Cybersecurity Capability Developer Subject Matter Expert

M&S Consulting was conceived in 2002 with the vision of creating highly effective teams of elite consultants to deliver strategic process and technology solutions to enterprise organizations across the US. Our commitment to delivery in complex environments and long-term customer success has merged process and technology into innovative solutions, established deep pockets of expertise, and enabled innovative transformation for evolving businesses.

We have intentionally cultivated steady growth focused on being approachable and helpful to our dearly valued clients and closely cared-for employees. M&S people simply “care hard”, and this reflects in our work products, our interactions, and our culture.

M&S Consulting is seeking a detail-oriented and proactiveCybersecurity Capability Developer Subject Matter Expertto join our team in Huntsville, AL or Clarksburg, WV. The position will be part of an Enterprise Security Operations Center 24/7/365 Watch Floor team providing Threat Detection engineering. The position requires expertise in security analytics, data correlation, threat intelligence, and automation within a Security Information and Event Management (SIEM) platform or equivalent detection systems.
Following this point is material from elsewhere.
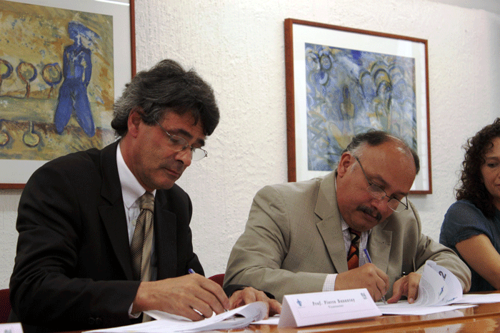 El directivo francés Pierre Bazantay y el secretario académico de la UV, Porfirio Carrillo,

*This position requires: Active Top-Secret Clearance with eligibility for SCI and you must be on site. This is not a remote position.

Primary Responsibilities:

• Develop, implement, and maintain detection rules to identify malicious behaviors.
• Optimize detection efficacy by reducing false positives and increasing true positive rates
• Document detection processes, methodologies, and workflows.
• Share insights and mentor team members on best practices in threat detection.
• Design, develop, and maintain cybersecurity tools, scripts, and capabilities that enhance operational effectiveness within the ESOC watch floor.
• Create automation solutions to streamline processes for threat detection, incident triage, response workflows, and reporting, ensuring faster and more efficient security operations.
• Integrate security technologies and data sources to improve detection, monitoring, and response capabilities
• Continuously test and optimize developed capabilities, ensuring their functionality and efficiency during live security operations

Required Skills:

• Active Top-Secret Clearance with eligibility for SCI
• US Citizenship
• 10+ years of experience
• Experience with Splunk Enterprise Security
• Familiarity with all related aspects of cybersecurity operations and security architecture
• In-depth knowledge of network and application protocols, cyber vulnerabilities and exploitation techniques and cyber threat/adversary methodologies.

Preferred Skills:

• Strong expertise in SIEM platforms and familiarity with query languages (e.g. SPL, KQL).
• Understanding of malware behaviors, threat actors, and attack tactics (MITRE ATT&CK).
• Experience with automation and scripting (e.g., Python, PowerShell).
• Ability to independently assess and improve detection rules.
• Excellent troubleshooting and documentation skills.
• Experience with Microsoft Sentinel
• Experience with FBI, DHS, IC, and DoD Networks.
• Experience with mitigation development against malicious cyber activity
• One of the following certifications:
  • GIAC Continuous Monitoring Certification (GMON)
  • GIAC Certified Incident Handler (GCIH)
  • GIAC Certified Forensic Analyst (GCFA)
  • GIAC Certified Intrusion Analyst (GCIA)
  • GIAC Network Forensic Analyst (GNFA)
  • GIAC Cloud Threat Detection (GCTD)
  • GIAC Cloud Forensics Responder (GCFR)
  • Certified Information Systems Security Professional (CISSP)

*M&S Consulting proactively fulfills its role as an equal opportunity employer. We do not discriminate against any employee or applicant for employment because of race, color, sex, religion, age, sexual orientation, gender identity and expression, national origin, marital status, physical or mental disability, status as a protected veteran, or any other characteristic protected by law.